Worst of all, generalized ROI calculations don’t take into account how marketing has changed – and what customers expect from marketing. Traditional advertising, especially direct response advertising, is based on interrupting the customer: ads, commercials, pop-ups, etc. Yet no one – and I mean no one – likes to be interrupted. No one wants to be interrupted.
No one clicks an article link and thinks, “Oh boy, I hope I get to watch a 30-second video before I get to read this.”
The best marketing is based on doing what you already do best: helping your customers.
That’s why the best marketing is based on creating content that is useful for potential users or customers. (That's the essence of inbound marketing: helpful, useful content that draws people to you – and by doing so, genuinely attracts them instead of annoying them.)
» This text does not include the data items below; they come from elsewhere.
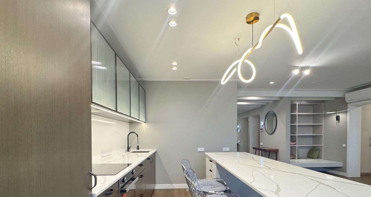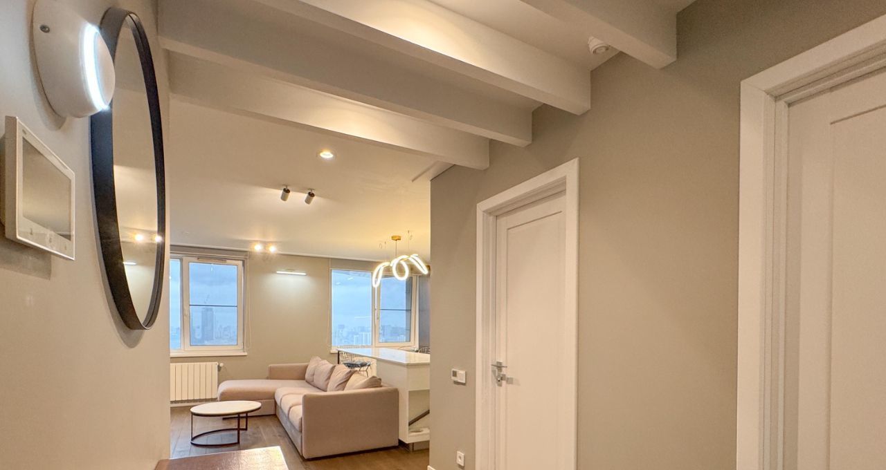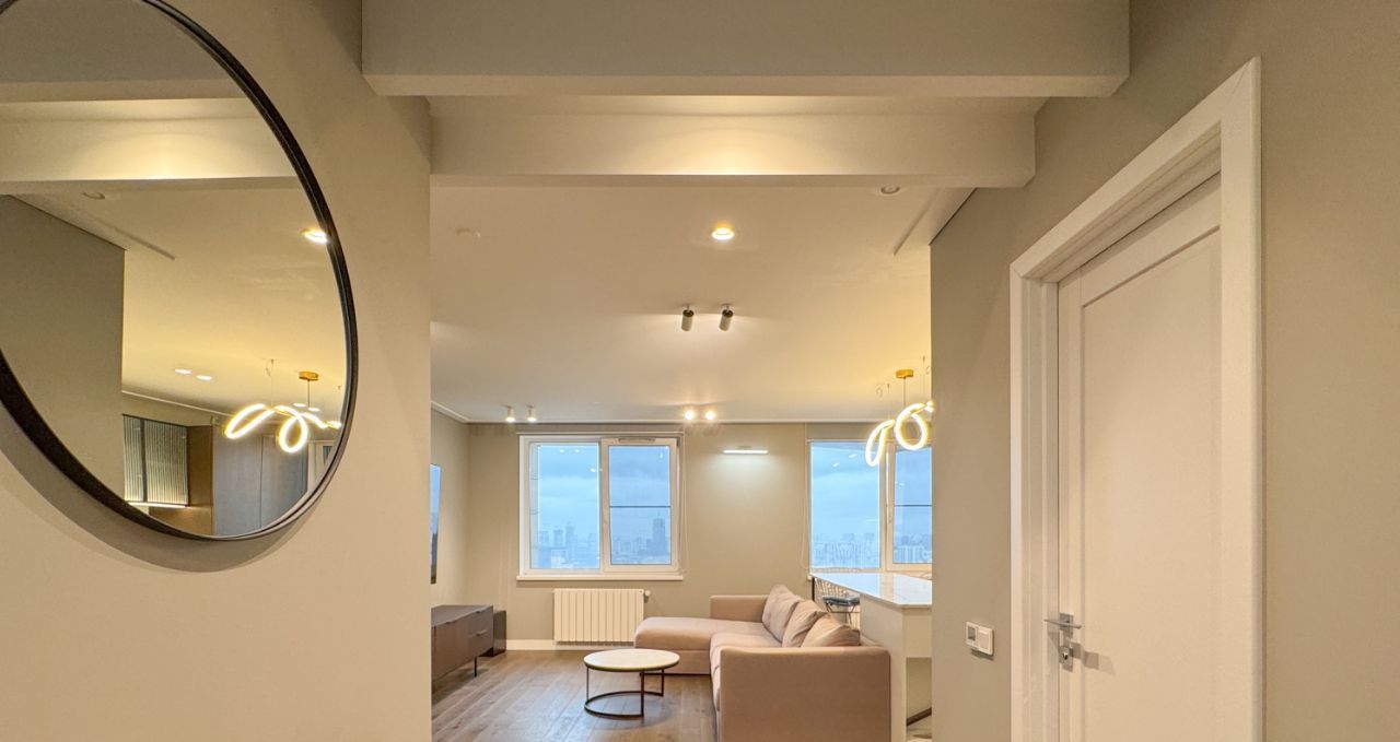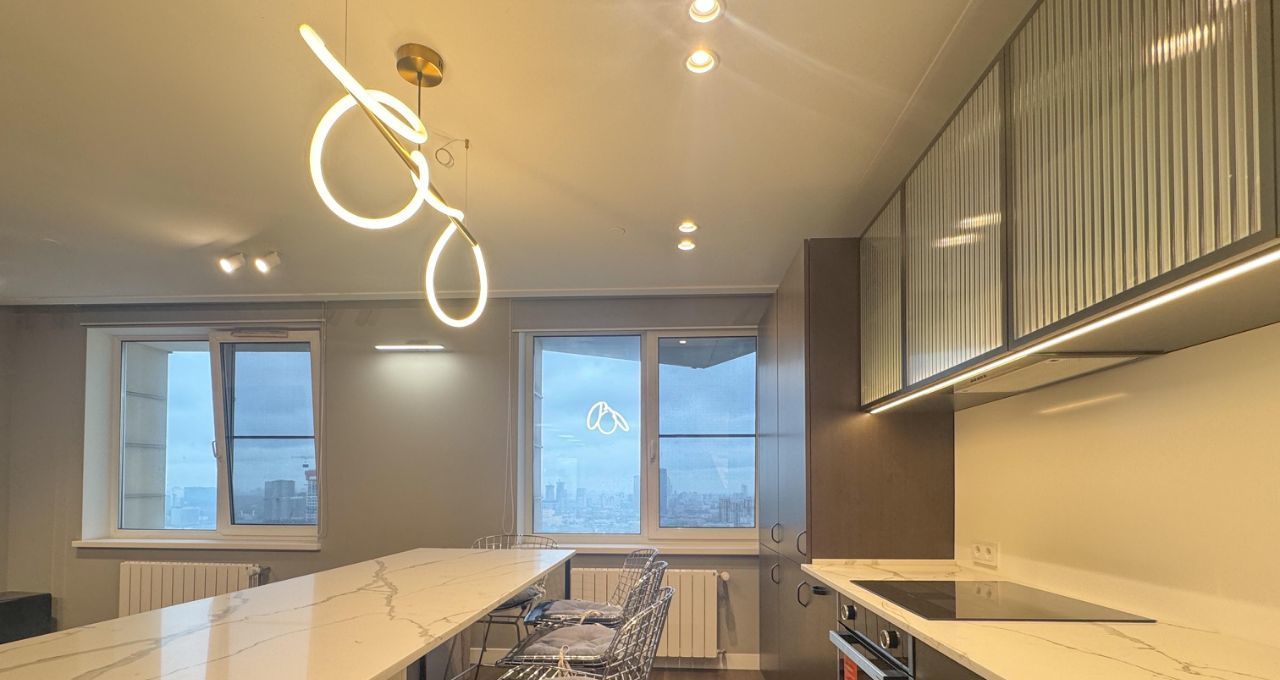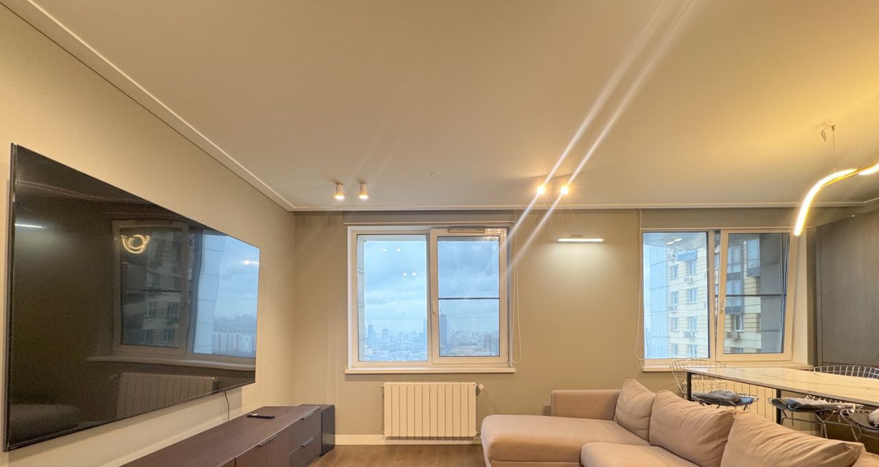 Квартира полностью оборудована для комфортного проживания: установлен комплект бытовой техники, посудомоечная и стиральная машины, сплитсистема кондиционирования, быстрый интернет, в гостиной — телевизор 80 дюймов, в спальне — 55 дюймов. Остается вся необходимая мебель, включая удобный матрас Askona и функциональный рабочий кабинет — формат заехал и живешь. Высокий этаж (31 из 43) обеспечивает панорамные виды на город и тишину, несмотря на центральное расположение дома.
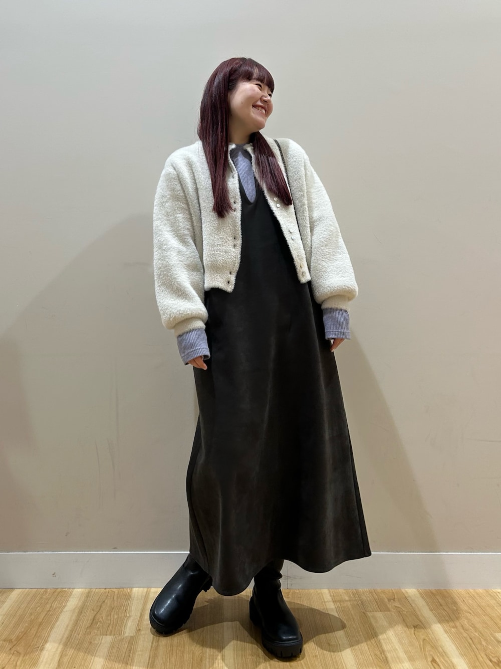 2枚の生地を合わせたダブルフェイスデザインがポイントのニットカーディガン。フワフワとした起毛感のある表地は、一気にシーズンムードのあるスタイリングを演出してくれます。裏側はチクチク感のないしっとりとしたハイゲージ編みのニットを合わせ、着心地の良さにこだわりました。2個ずつ施したボタンデザインで程よくクセのあるディテールに仕立てました。
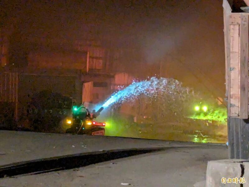 嘉義縣消防局出動消防機器人做周界防護,避免火勢延燒。(記者王善嬿攝)
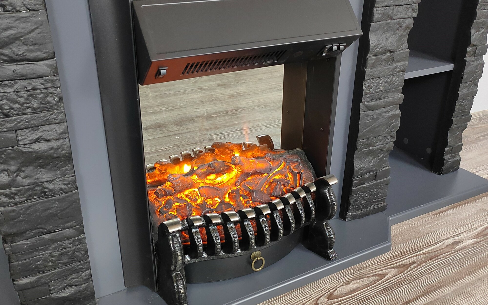 Отзывы на Камин Электрический Мальта с тумбами, Fobos, Серый графит/камень черный, напольный с обогревом. Электрокамин
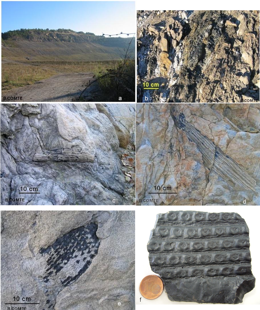 Fig.7 Bassin houiller du Pontil (a : La carrière, b : Veine de houille redressée à la verticale, c et d : Fossiles de troncs de calamites, e et f : écorce fossile de sigillaire)
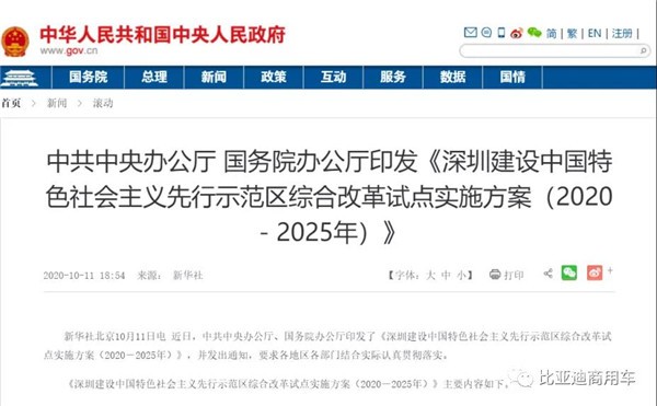 10月11日,中共中央办公厅、国务院办公厅印发了《深圳建设中国特色社会主义先行示范区综合改革试点实施方案(2020-2025年)》,以设立经济特区40周年为契机,在中央改革顶层设计和战略部署下,支持深圳实施综合授权改革试点,是新时代推动深圳改革开放再出发的又一重大举措,是建设中国特色社会主义先行示范区的关键一招,也是创新改革方式方法的全新探索。
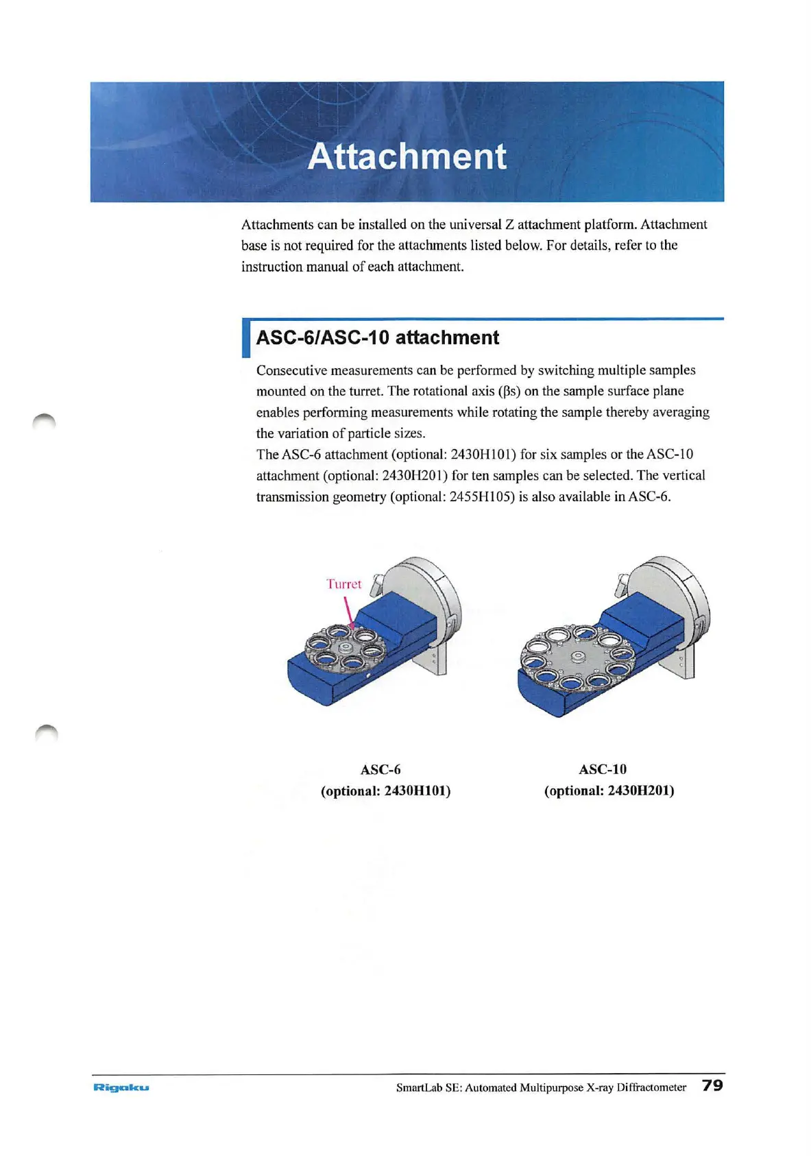 attachment (optional: 2430H 101) for six samples
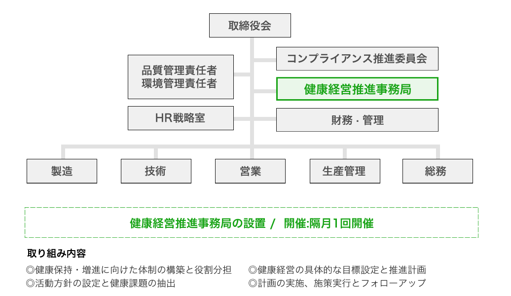まずは、戦略的、計画的に実践することで、取り組みをより一層充実したものとするために、総務部で抱えていた健康経営に関わる業務を切り出し、責任と権限を付与し、プロジェクト型で取り組んでいくこととし、裁量をもって取り組んでいます。
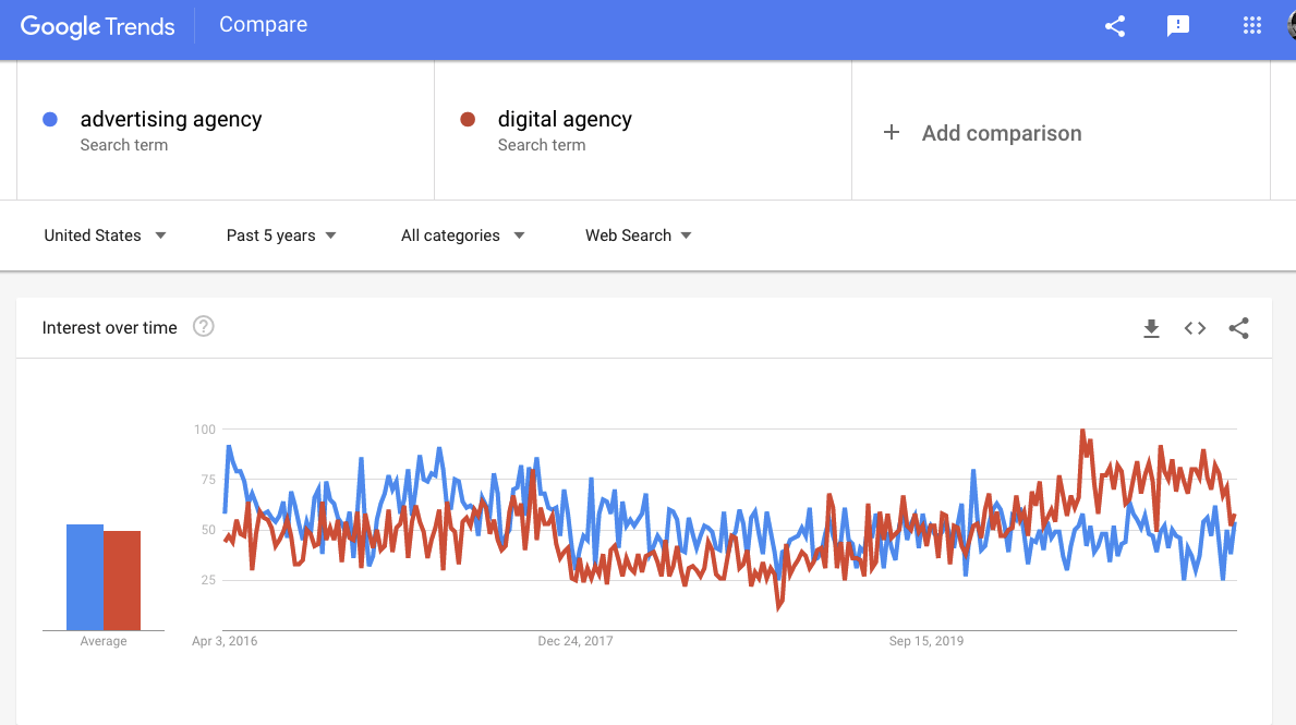Ah, Google Trends. Here is an interesting trends graph. What do you call your agency?
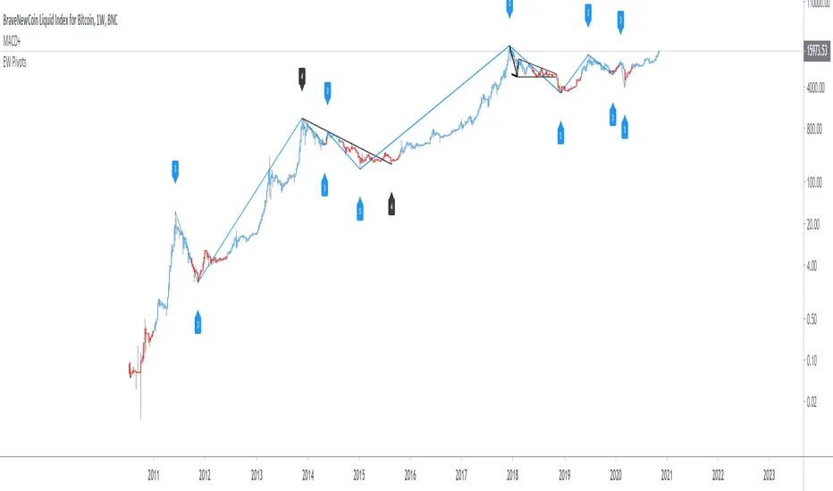 Added asterisks to show an unconfirmed pivot. Because the indicator uses information from higher timeframes, the status of the higher timeframe could change and the pivot could potentially be removed. To show that a pivot is not confirmed, you will see asterisks on the label. IE: *2* or *Minor*. Once the higher timeframe closes the label will show without this.
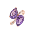 This 18ct rose gold ring with diamonds and Brazilian amethyst is a testimony of deep feelings and a unique style that will never betray you. Its timeless design and luxurious beauty make it not only an elegant piece of jewelry, but also a faithful companion on the journey of your life. The jewelry is part of the Fantasy collection.
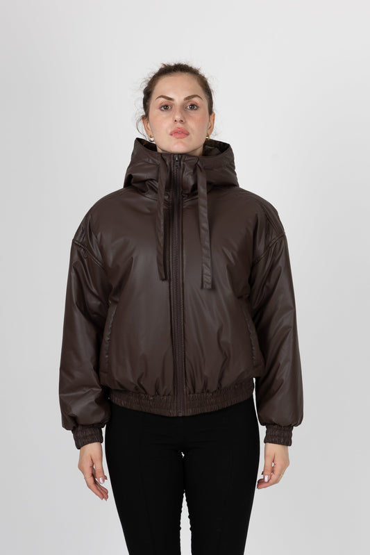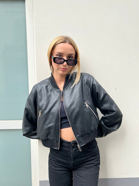 CHAQUETA BOMBER CORTA DE CUERO SINTÉTICO
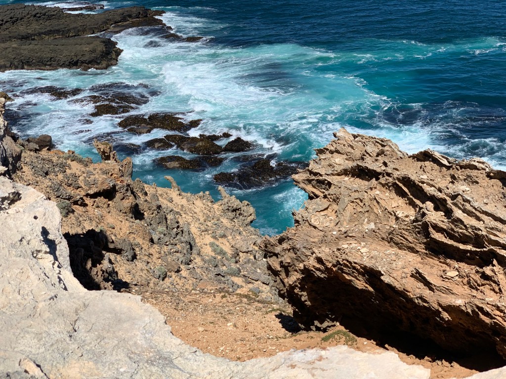 I wasn’t expecting the strange topography. It’s like a lunar landscape consisting of sharp limestone bleached and eroded by saltwater. The waves pounding below compound a sinister uneasy feeling – I don’t feel safe.
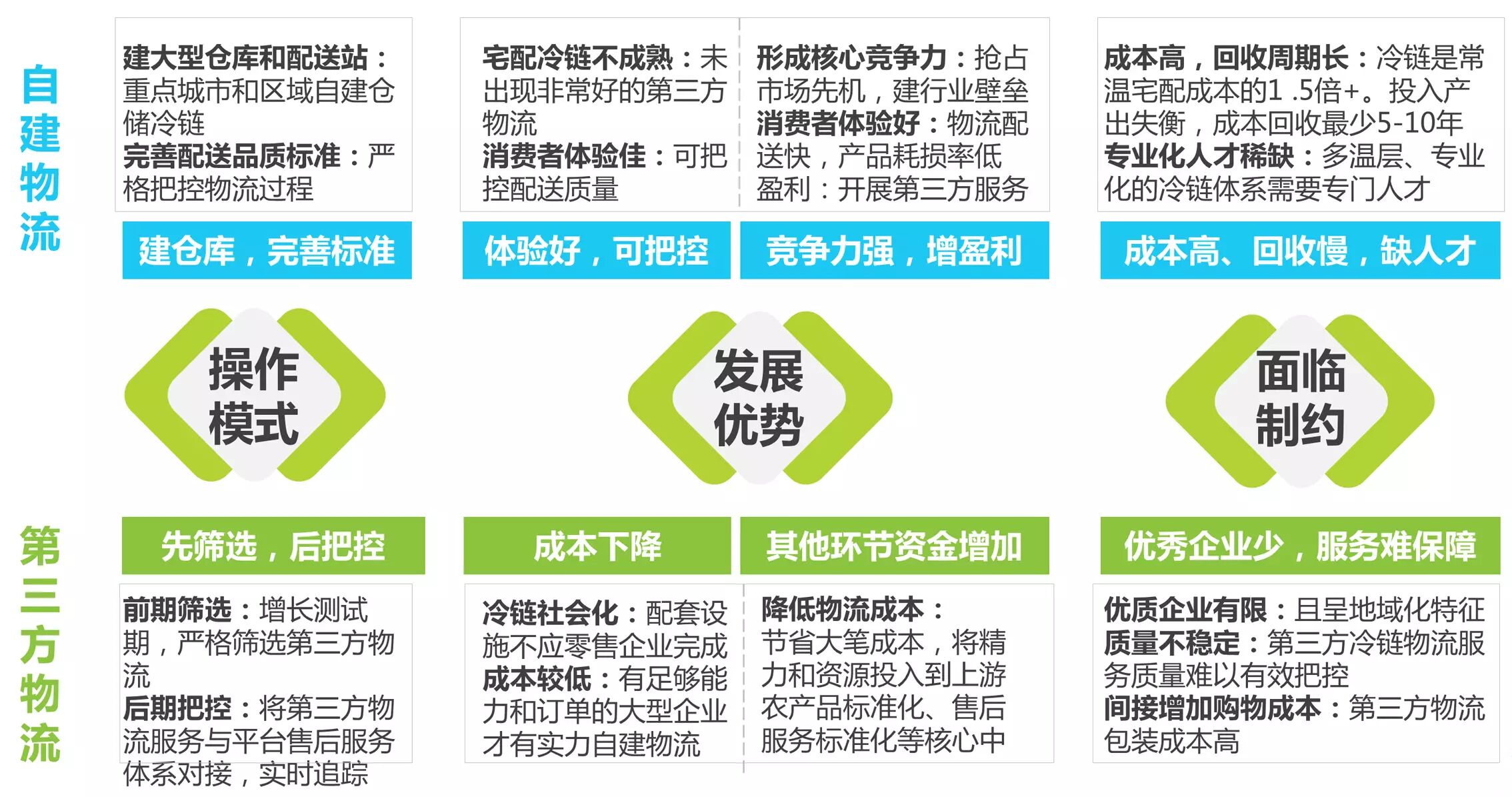 自建物流有自身配套的仓库和自成体系的标准,体验好、易把控,并能够成为生鲜电商的竞争力,并在未来带来盈利。不过,由于建立成本过高,中小规模企业往往没有能力自建物流,在使用第三方物流的时候,应做好前期的筛选和后期的把控,以保障服务质量。

What happens when you create awesome content that brings potential customers to you?
They arrive largely pre-sold. They already think well of your business – after all, you’ve helped them, with no explicit expectation of a sale.
And your initial cost of acquisition is extremely low. There are two great things about organic traffic versus paid traffic: there's a lot more organic than paid traffic, and the incremental cost for those clicks is extremely low. Content that ranks well in search engines costs you nothing per additional click.
To reach your revenue objectives, take a step back and consider the current lifetime value of your customers. Consider your current customer acquisition costs. Then take a look at your current marketing budget and decide if some of those funds should be used to get a better return… and to create more truly loyal customers. Which, if you think about it, are two things that always go hand in hand.